------ Task data ------

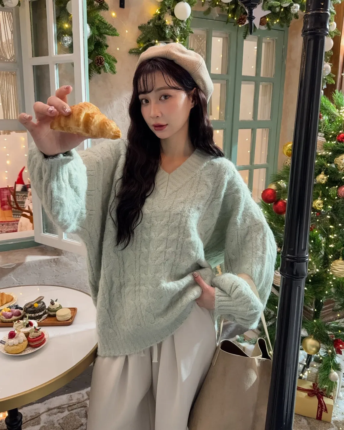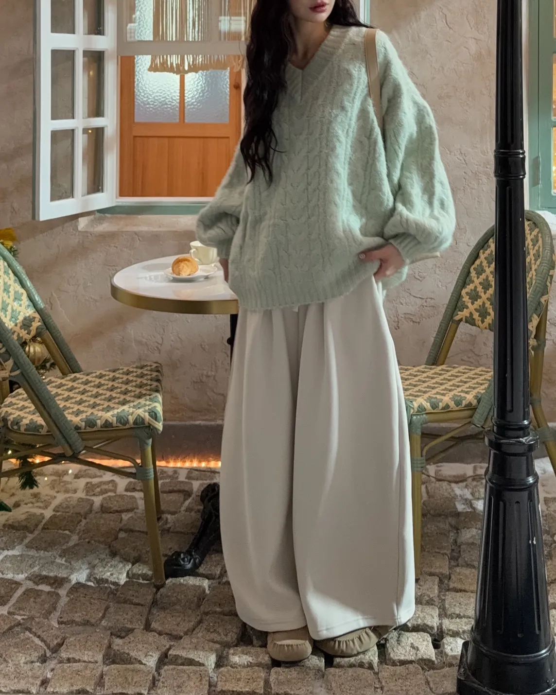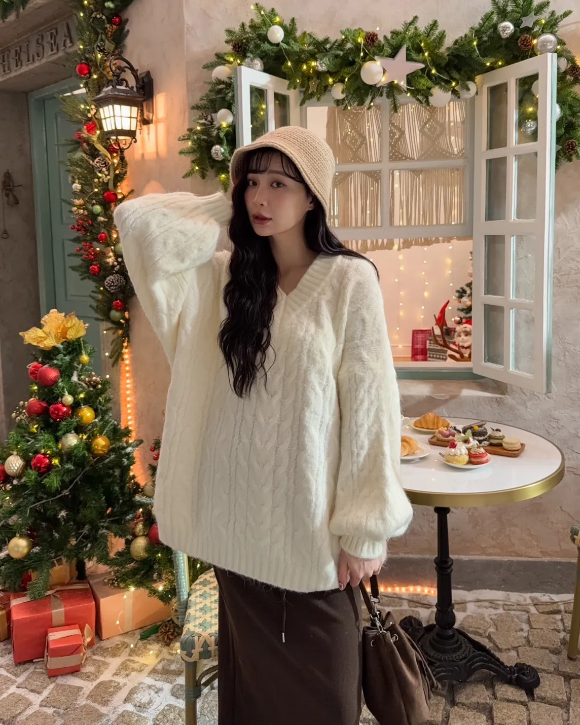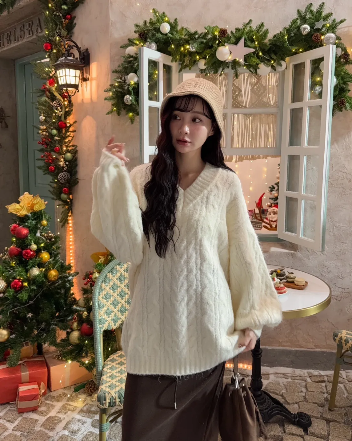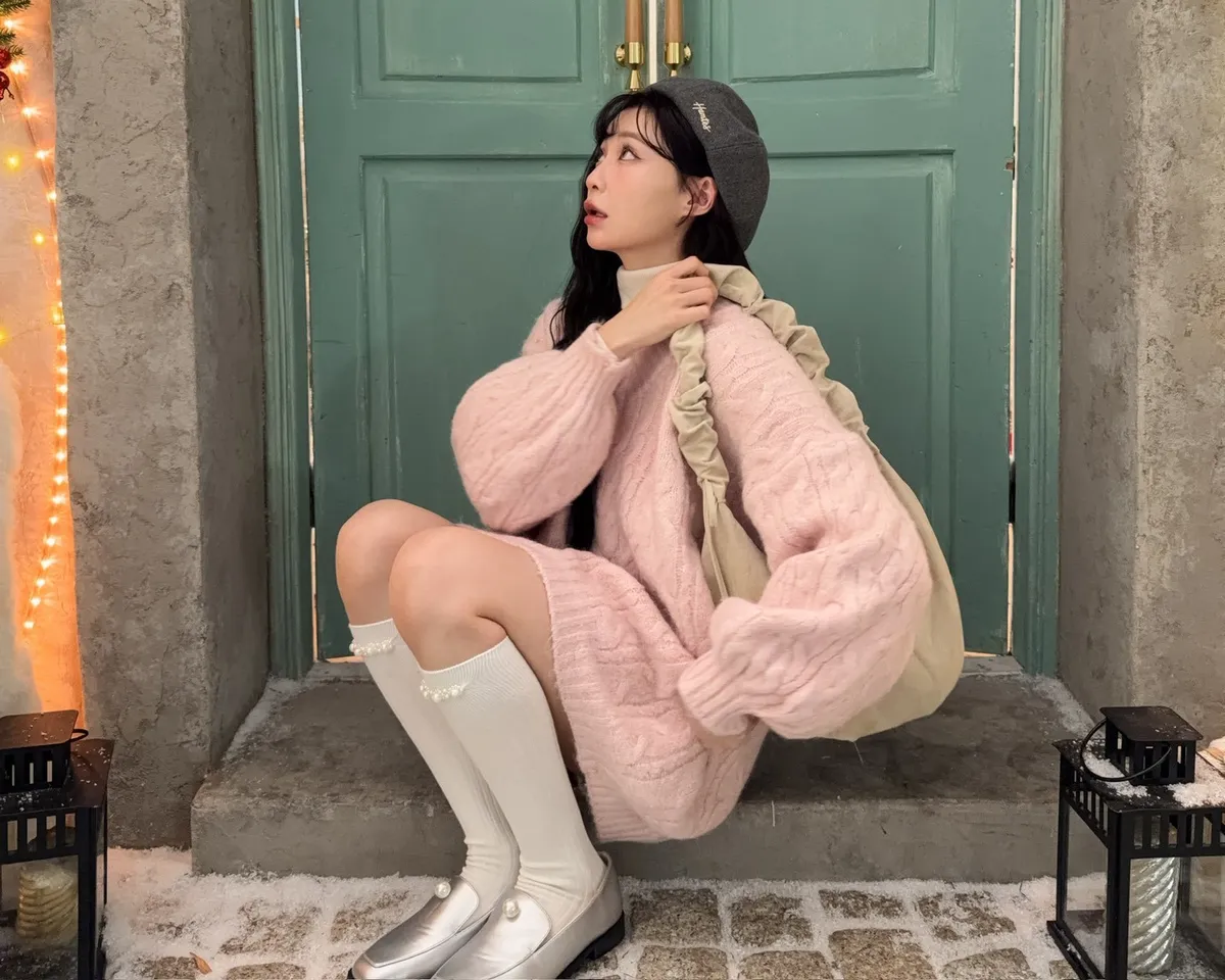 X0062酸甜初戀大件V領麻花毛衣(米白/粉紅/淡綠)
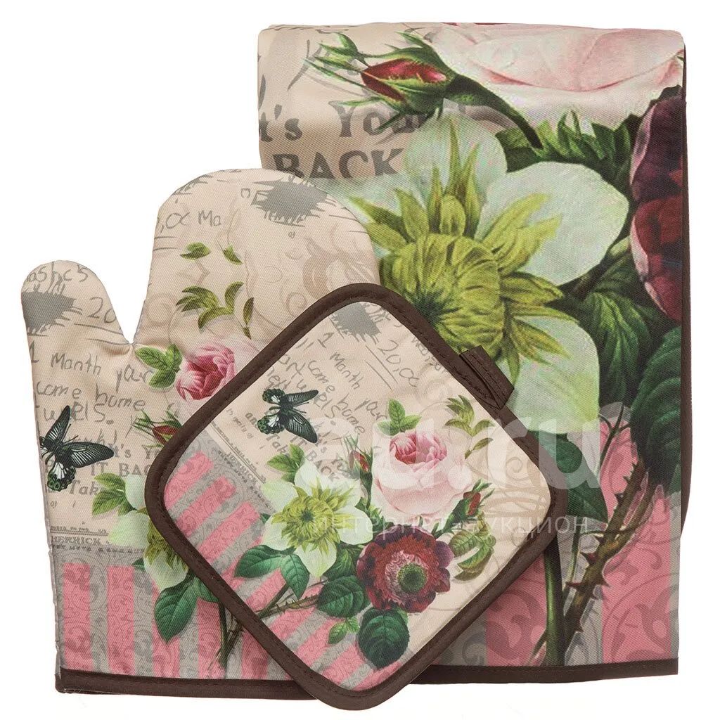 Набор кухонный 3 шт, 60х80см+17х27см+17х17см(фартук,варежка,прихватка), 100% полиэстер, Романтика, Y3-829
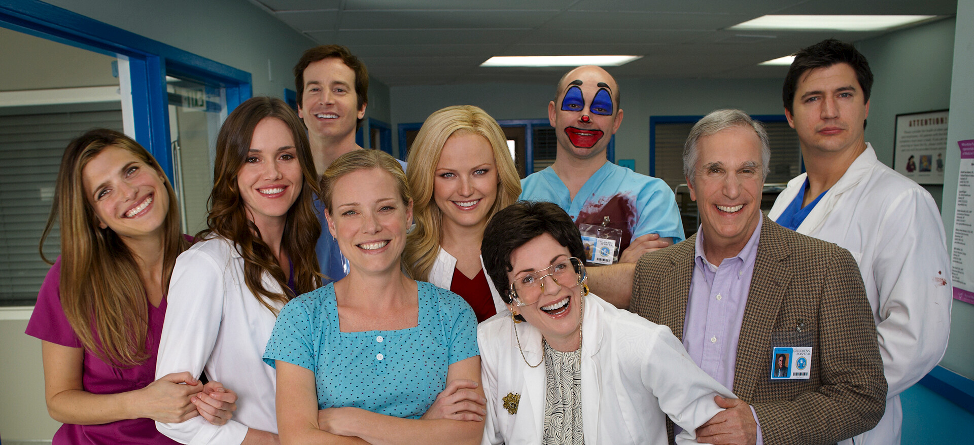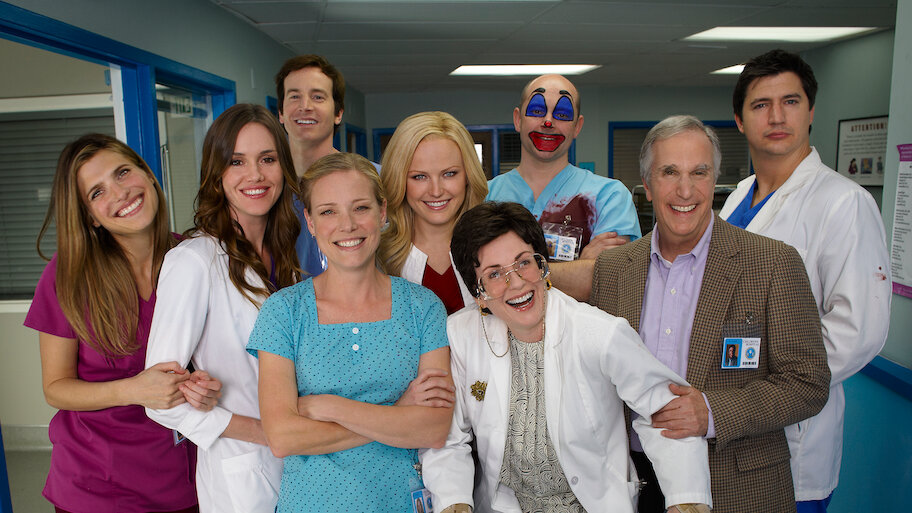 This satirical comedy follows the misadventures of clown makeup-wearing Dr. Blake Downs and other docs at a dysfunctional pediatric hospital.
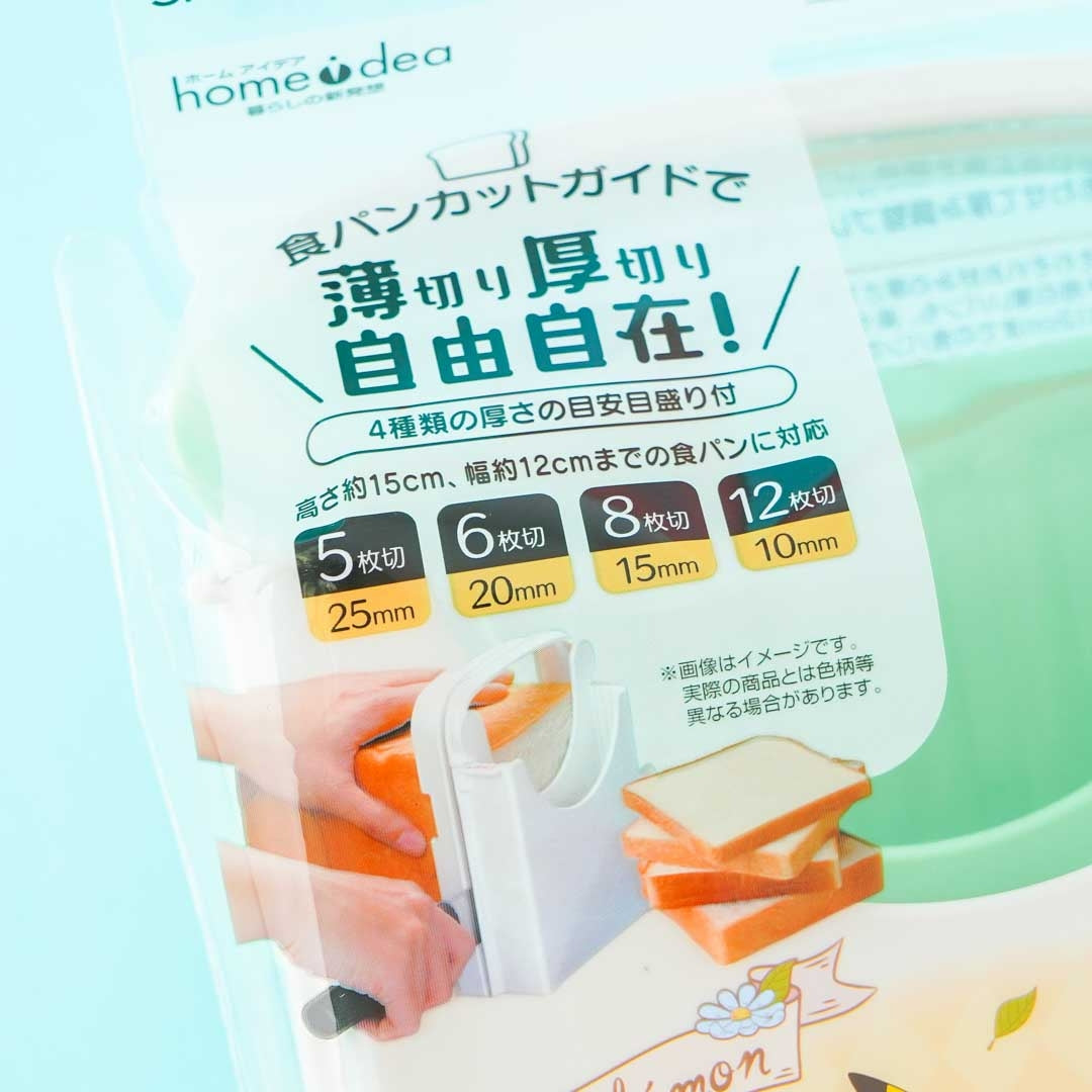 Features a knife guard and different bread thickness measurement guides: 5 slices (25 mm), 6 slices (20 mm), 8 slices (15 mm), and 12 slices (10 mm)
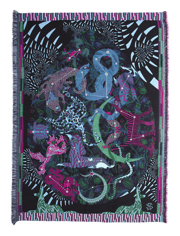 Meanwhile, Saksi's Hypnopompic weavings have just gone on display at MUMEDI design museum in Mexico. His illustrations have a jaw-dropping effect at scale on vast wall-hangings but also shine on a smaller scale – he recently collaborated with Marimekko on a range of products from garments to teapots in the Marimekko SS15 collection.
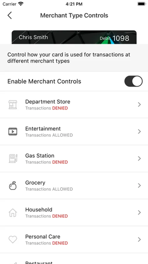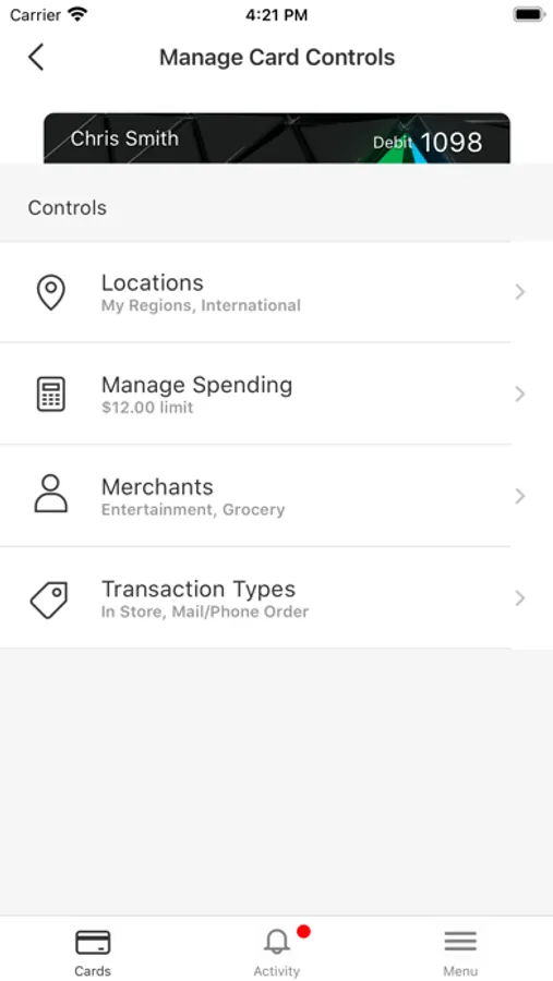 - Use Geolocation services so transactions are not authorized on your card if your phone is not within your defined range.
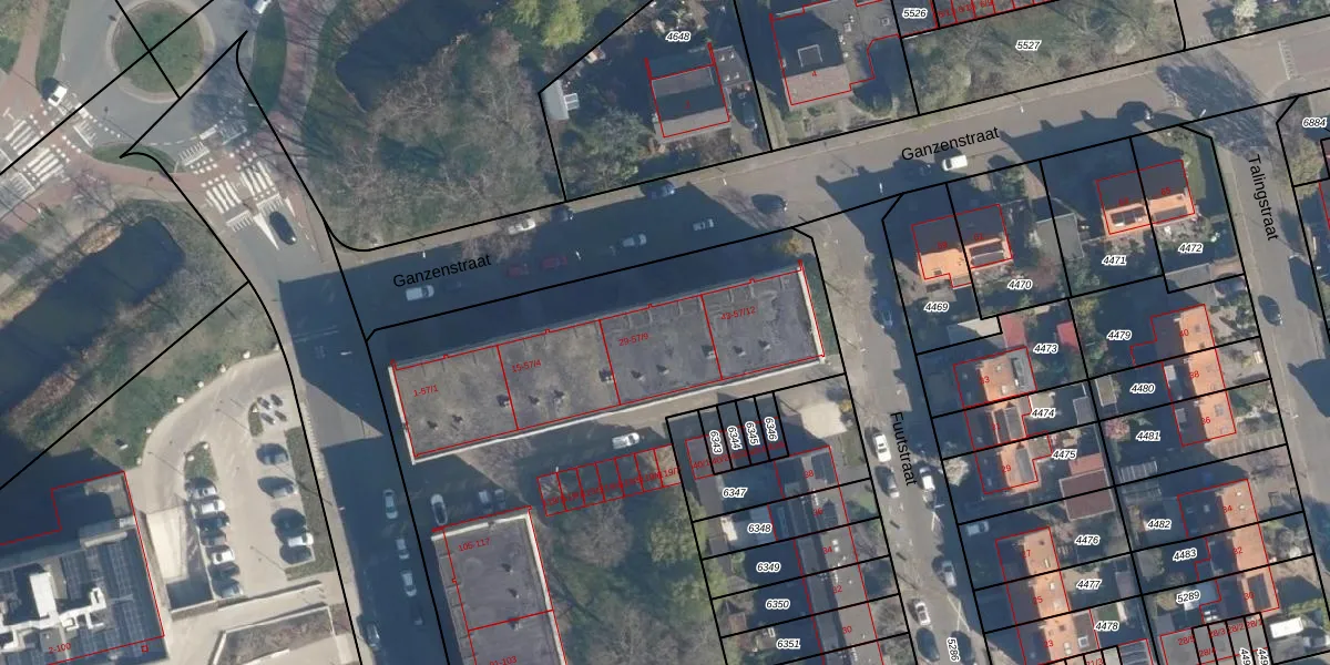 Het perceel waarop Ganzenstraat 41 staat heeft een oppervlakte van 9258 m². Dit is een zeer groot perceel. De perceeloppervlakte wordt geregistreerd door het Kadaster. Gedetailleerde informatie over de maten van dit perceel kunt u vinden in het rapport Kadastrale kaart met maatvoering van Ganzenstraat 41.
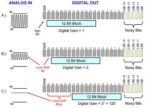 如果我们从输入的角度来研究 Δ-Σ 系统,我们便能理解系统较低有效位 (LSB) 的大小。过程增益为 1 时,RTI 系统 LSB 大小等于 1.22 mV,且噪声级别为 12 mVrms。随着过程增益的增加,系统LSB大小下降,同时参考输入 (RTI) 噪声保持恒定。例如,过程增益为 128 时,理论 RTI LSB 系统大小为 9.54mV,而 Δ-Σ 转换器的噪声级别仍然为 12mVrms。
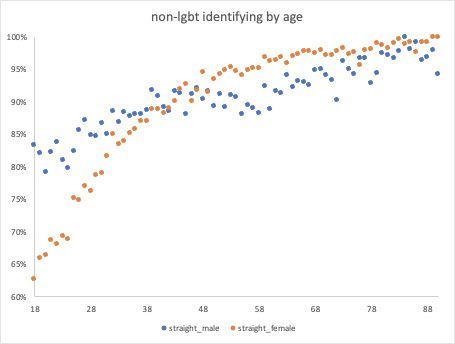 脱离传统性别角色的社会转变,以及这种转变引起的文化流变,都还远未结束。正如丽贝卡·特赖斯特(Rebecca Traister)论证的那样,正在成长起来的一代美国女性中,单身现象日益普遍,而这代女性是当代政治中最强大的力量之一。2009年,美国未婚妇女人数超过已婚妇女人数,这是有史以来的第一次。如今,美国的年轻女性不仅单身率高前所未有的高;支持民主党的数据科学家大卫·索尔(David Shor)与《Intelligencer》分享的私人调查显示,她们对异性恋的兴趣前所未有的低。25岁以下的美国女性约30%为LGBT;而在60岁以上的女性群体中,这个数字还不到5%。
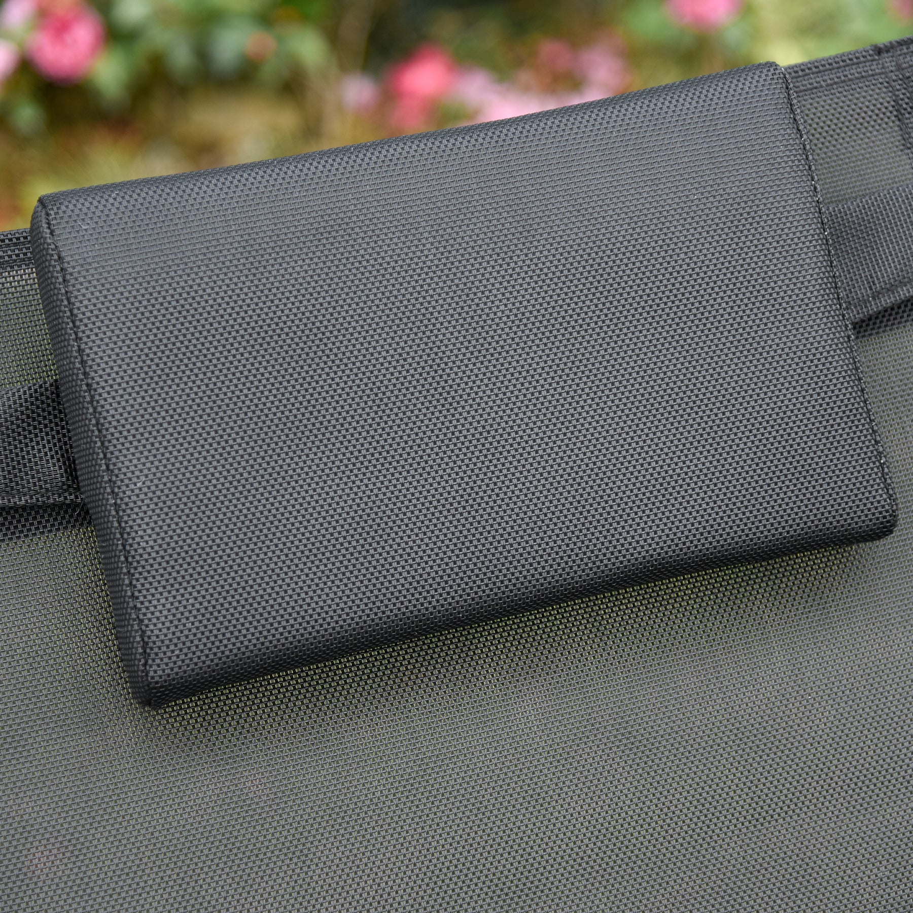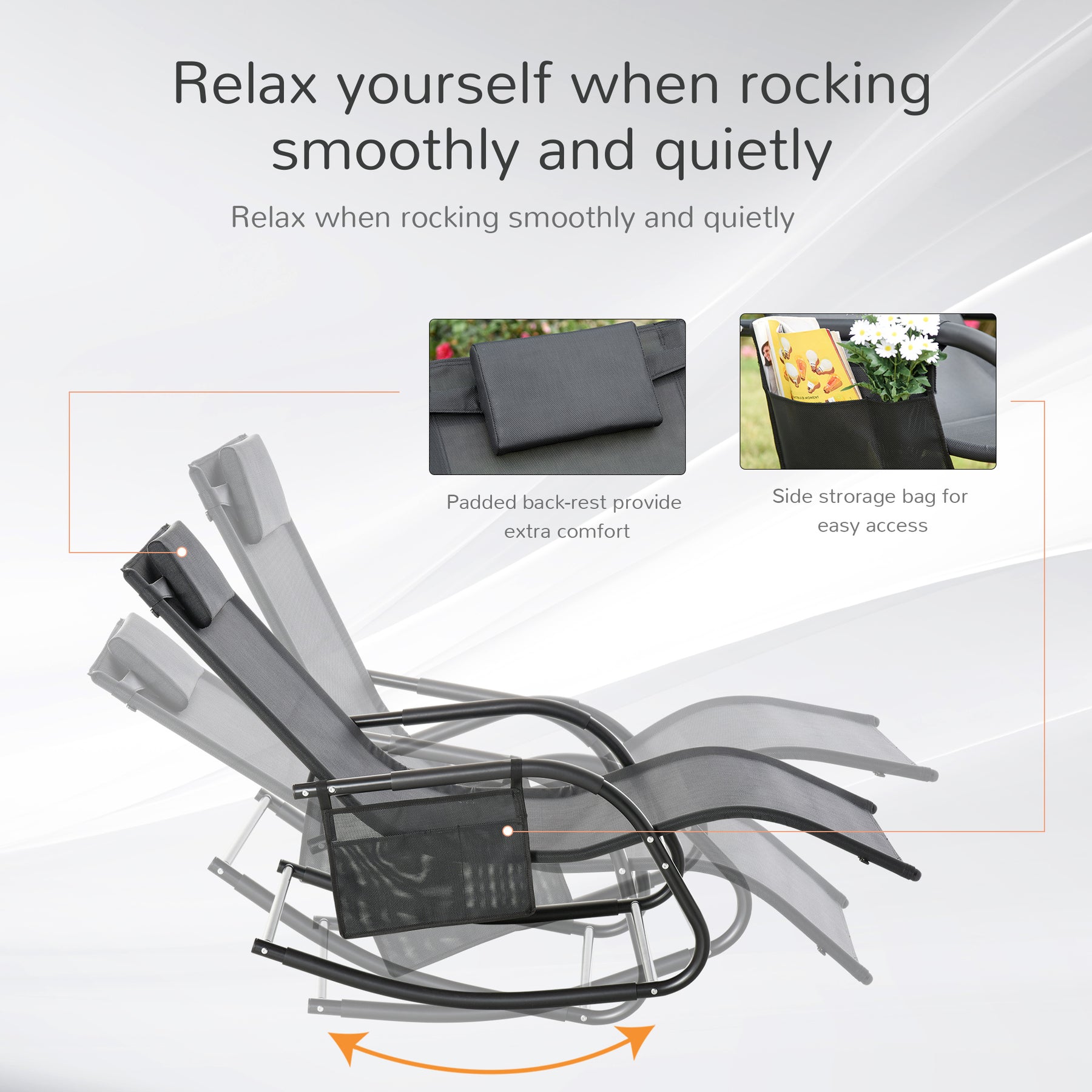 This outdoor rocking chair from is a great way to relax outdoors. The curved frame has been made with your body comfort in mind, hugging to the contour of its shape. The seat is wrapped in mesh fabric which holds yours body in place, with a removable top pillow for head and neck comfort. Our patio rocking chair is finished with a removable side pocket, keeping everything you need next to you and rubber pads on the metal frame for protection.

------

What you will do:
Text only, no pictures: please print exactly the lines above from the line with "This satirical comedy" up to and including the line with "Features a knife", and nothing else.

Task solution:
 This satirical comedy follows the misadventures of clown makeup-wearing Dr. Blake Downs and other docs at a dysfunctional pediatric hospital.
 Features a knife guard and different bread thickness measurement guides: 5 slices (25 mm), 6 slices (20 mm), 8 slices (15 mm), and 12 slices (10 mm)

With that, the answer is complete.